GO molecular function terms represent biological activities. A DAG is a hierar chical representation of Ontology terms in a way that depicts the directional relationships between parent child GO term nodes. A DAG differs http://www.selleckchem.com/products/Sorafenib-Tosylate.html from a simple hierarchy graph in that a child may have more than one parent. There are two types of relationships between the terms in parent child child nodes of DAG. A child node that repre sents a more specific instance of a parent node is desig nated as is a whereas part of denote a child term node that is a constituent of the parent node term. The part of is slightly more complicated than the is a relationship. For example, A part of B means that whenever A is present, it is always a part of B, but A does not always have to be present.
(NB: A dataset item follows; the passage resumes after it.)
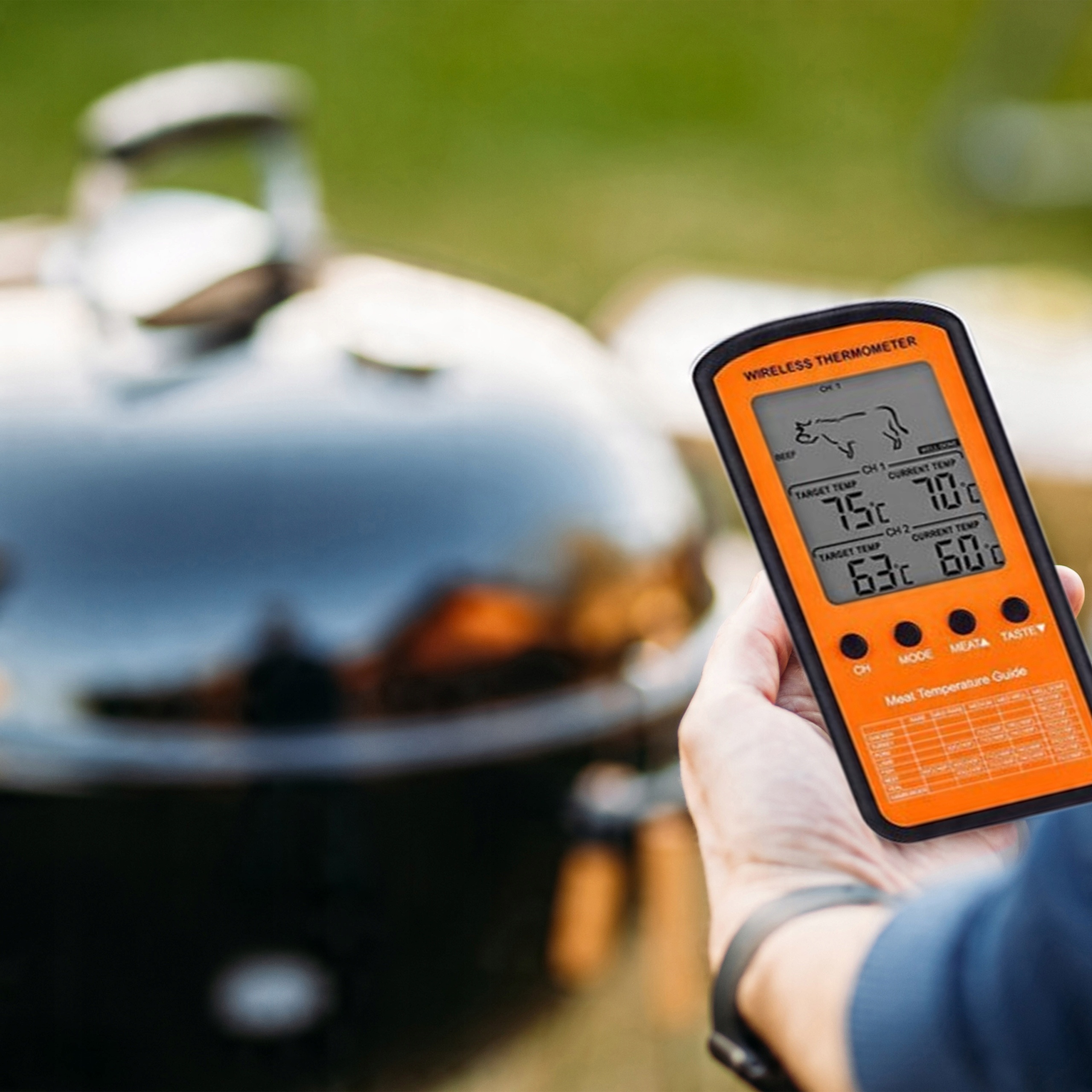 Термометр для гриля — это инструмент, позволяющий контролировать температуру во время приготовления на гриле. Это позволяет добиться идеальной температуры мяса и избежать ситуаций, когда мясо недоваривается или подгорает. Цифровой термометр — самый совершенный тип термометра. Датчик подключен к цифровому устройству, которое отображает внутреннюю температуру мяса на экране.

Example, nucleus is part of a cell but not all cells have nuclei. Every Gene Ontology annotation must provide Inhibitors,Modulators,Libraries valid Inhibitors,Modulators,Libraries evi dence, known as Evidence Codes, which was used to support it. Evidence codes encompass a broad range of empirical or other support such as electronic annotation or direct assay. Results The HepG2 dataset consists of twelve MudPIT mass spectra. Similarly, the normal human liver dataset has twelve MudPIT mass spectra. All mass spectra, with the exception of two HepG2 chromatograms, show strong chromatograms with reasonable elution pro files, good signal noise ions and reproducibility. As discussed in the Methods Section above, Mapping uses parameters of the Blast Table to search and retrieve Ontologies from various databases. The results are pre sented in a Sequence Table.
The Sequence Tables Inhibitors,Modulators,Libraries for HepG2 and Normal Human Liver proteomes, for the set of analyses using the Blast program BLASTP 2. 2. 13, are shown in Inhibitors,Modulators,Libraries Additional Files 4 and 5, for HepG2 and Normal Human Liver, respectively. Mapping also returns DB Resources of Mapping, shown here in Fig ure 1, for HepG2 and Normal Human Liver, respectively. In the HepG2 proteome. gene Ontologies are found in three databases GR, UniProt and UNIPROT, whereas in the normal human liver proteome, Ontologies are found in eleven databases GeneDB Tbrucei, RGD, TAIR, SGD, UNIPROT, GR, FB, WB, MGI, UniProt and ZFIN. In addition, HepG2 pro teome contains more Ontologies than normal human liver proteome. Figure 2 shows the distribution of the evi dence codes for the HepG2 and Inhibitors,Modulators,Libraries normal human liver proteomes. The distributions are clearly characterized by diversity in EC, and dominated by trace able author statement, inferred from electronic annotation, and inferred from direct assay. these being the topmost ranks promotion in the hierarchy of evidence codes.